=== Task goal ===
Using the records that follow, reproduce exactly the lines starting at the line containing "Uttarkashi (16 km)" and ending at the line containing "Chladicí vitrína obslužná". Include both end lines and no pictures.

=== Exercise inputs ===
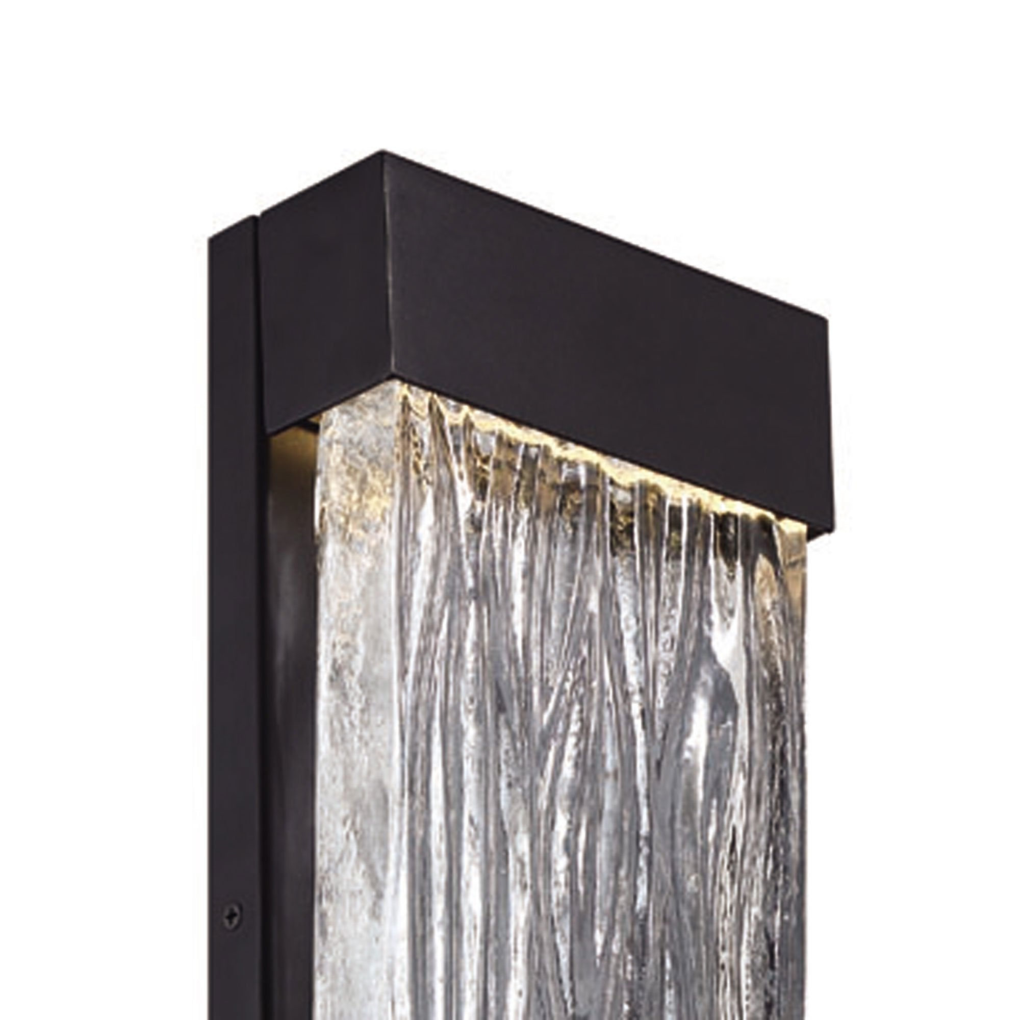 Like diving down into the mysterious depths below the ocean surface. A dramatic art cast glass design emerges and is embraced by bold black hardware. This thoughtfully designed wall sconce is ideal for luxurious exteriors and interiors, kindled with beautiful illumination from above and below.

==

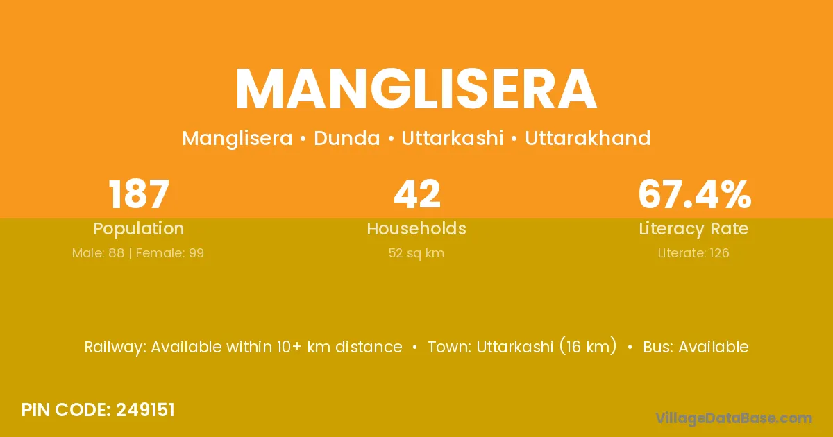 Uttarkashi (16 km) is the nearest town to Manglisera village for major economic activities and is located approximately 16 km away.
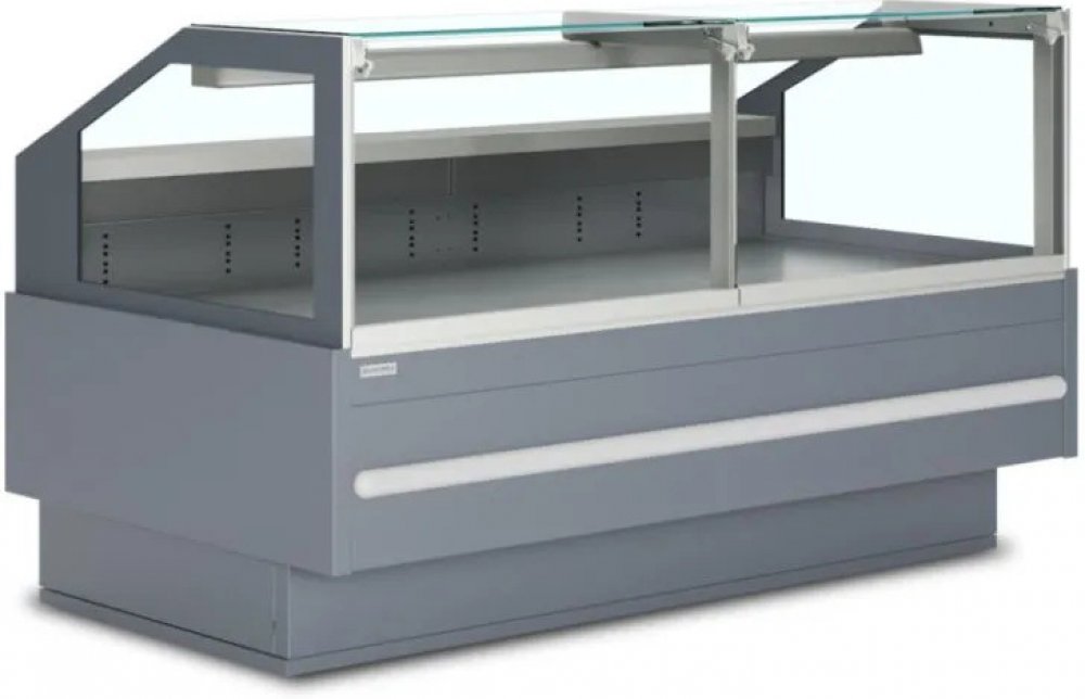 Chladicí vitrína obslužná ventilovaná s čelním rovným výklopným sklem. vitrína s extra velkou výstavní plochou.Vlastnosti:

=== Output of the task ===
 Uttarkashi (16 km) is the nearest town to Manglisera village for major economic activities and is located approximately 16 km away.
 Chladicí vitrína obslužná ventilovaná s čelním rovným výklopným sklem. vitrína s extra velkou výstavní plochou.Vlastnosti:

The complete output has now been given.